Читаем Я и Он полностью

Жахаю кулаком по столу: — Молчишь? С тобой разговаривают! Я хочу, понимаешь, хочу, мать твою, чтобы, даже когда меня нет, даже когда я отсутствую полгода, год, десять лет, мой дом сиял чистотой, а жена выглядела синьорой! Не хило. И все же не могу не заметить, что в моих словах сквозит какая-то неестественность, фальшь, но уж как есть: полноценные, раскрепощенные люди выражают свои мысли непринужденно, а закомплексованные неудачники, строящие из себя раскованных, поневоле вынуждены говорить языком комиксов: — Я вытащил тебя из грязи, а мог бы там и оставить. Я без колебаний сделал тебя, дешевую телефонную проститутку, спутницей своей жизни. Не будь меня, ты скатилась бы на самое дно этой клоаки. Но теперь я жалею об этом. Я и вправду начинаю думать, что лучше было бы оставить тебя в помойной яме, для которой, как видно, ты и создана.

Она продолжает молчать. Опустив голову, подходит к плите, затем направляется к мойке, заполненной грязной посудой, извлекает оттуда кофеварку, раскручивает ее, вытряхивает ударом о край раковины кофейную гущу, открывает кран и моет одну за другой части кофеварки. Прядь волос свисает ей прямо на глаза, но Фауста не поправляет ее.

Не оборачиваясь, она произносит: — Слишком многого ты хочешь. Чтобы в твое отсутствие я была настоящей синьорой.
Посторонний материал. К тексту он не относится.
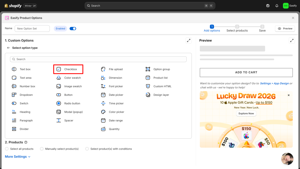 From your Easify dashboard, click the Add New Option Set button. Next, select Checkbox.

А сам, когда жил здесь, заставлял меня ломать комедию.

— Какую еще комедию? Что ты несешь? — А ты как думал, кое-какие вещи не забываются. Вместо того чтобы помочь мне начать новую жизнь, ты вынуждал меня разыгрывать здесь, в моем же доме, рядом с Чезарино, спавшим с нами в одной кровати, роль потаскухи. Я должна была напяливать те же блузку и брючки, в которых ты встретил меня у Марью, бегом подниматься по лестнице и звонить в дверь собственного дома, как будто пришла туда в первый раз. Спору нет, ты мой муж, я люблю тебя и готова играть спектакль всякий раз, когда ты этого захочешь. Только уж тогда не говори, что я должна быть синьорой. Синьора, настоящая синьора, ни за что не станет придуриваться, даже если этого хочет ее муж.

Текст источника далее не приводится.